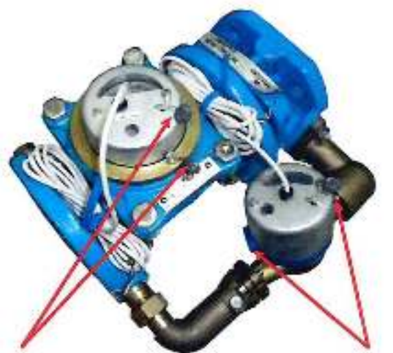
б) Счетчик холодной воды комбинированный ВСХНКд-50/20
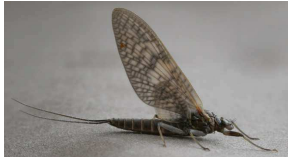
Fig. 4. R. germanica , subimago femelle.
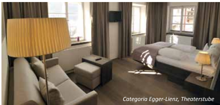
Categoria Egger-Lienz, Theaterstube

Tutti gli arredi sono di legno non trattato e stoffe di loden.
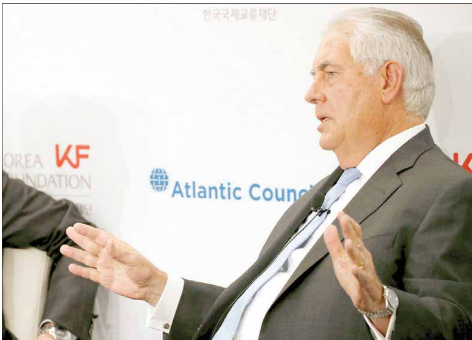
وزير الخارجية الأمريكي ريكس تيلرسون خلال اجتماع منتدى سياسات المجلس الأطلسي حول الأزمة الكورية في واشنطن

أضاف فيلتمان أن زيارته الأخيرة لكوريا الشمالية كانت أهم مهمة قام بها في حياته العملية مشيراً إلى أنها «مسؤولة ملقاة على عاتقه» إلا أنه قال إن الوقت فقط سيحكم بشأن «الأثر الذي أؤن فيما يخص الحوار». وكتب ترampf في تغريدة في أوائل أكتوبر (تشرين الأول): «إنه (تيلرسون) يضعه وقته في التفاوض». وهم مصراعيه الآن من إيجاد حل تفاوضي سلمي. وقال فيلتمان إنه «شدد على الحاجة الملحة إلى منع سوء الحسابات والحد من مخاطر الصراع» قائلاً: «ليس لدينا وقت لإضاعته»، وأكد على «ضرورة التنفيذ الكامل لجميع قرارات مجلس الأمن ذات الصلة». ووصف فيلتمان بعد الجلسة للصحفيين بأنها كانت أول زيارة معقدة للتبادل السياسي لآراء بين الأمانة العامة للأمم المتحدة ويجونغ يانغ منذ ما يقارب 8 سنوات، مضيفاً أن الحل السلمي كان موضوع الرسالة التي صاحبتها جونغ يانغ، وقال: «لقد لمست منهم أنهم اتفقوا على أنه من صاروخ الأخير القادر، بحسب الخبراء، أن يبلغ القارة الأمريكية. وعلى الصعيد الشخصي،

───

= Task instructions =
When you reach an image, pass over it, and retype all other material exactly.

= Final answer =
б) Счетчик холодной воды комбинированный ВСХНКд-50/20
Fig. 4. R. germanica , subimago femelle.
Categoria Egger-Lienz, Theaterstube

Tutti gli arredi sono di legno non trattato e stoffe di loden.
وزير الخارجية الأمريكي ريكس تيلرسون خلال اجتماع منتدى سياسات المجلس الأطلسي حول الأزمة الكورية في واشنطن

أضاف فيلتمان أن زيارته الأخيرة لكوريا الشمالية كانت أهم مهمة قام بها في حياته العملية مشيراً إلى أنها «مسؤولة ملقاة على عاتقه» إلا أنه قال إن الوقت فقط سيحكم بشأن «الأثر الذي أؤن فيما يخص الحوار». وكتب ترampf في تغريدة في أوائل أكتوبر (تشرين الأول): «إنه (تيلرسون) يضعه وقته في التفاوض». وهم مصراعيه الآن من إيجاد حل تفاوضي سلمي. وقال فيلتمان إنه «شدد على الحاجة الملحة إلى منع سوء الحسابات والحد من مخاطر الصراع» قائلاً: «ليس لدينا وقت لإضاعته»، وأكد على «ضرورة التنفيذ الكامل لجميع قرارات مجلس الأمن ذات الصلة». ووصف فيلتمان بعد الجلسة للصحفيين بأنها كانت أول زيارة معقدة للتبادل السياسي لآراء بين الأمانة العامة للأمم المتحدة ويجونغ يانغ منذ ما يقارب 8 سنوات، مضيفاً أن الحل السلمي كان موضوع الرسالة التي صاحبتها جونغ يانغ، وقال: «لقد لمست منهم أنهم اتفقوا على أنه من صاروخ الأخير القادر، بحسب الخبراء، أن يبلغ القارة الأمريكية. وعلى الصعيد الشخصي،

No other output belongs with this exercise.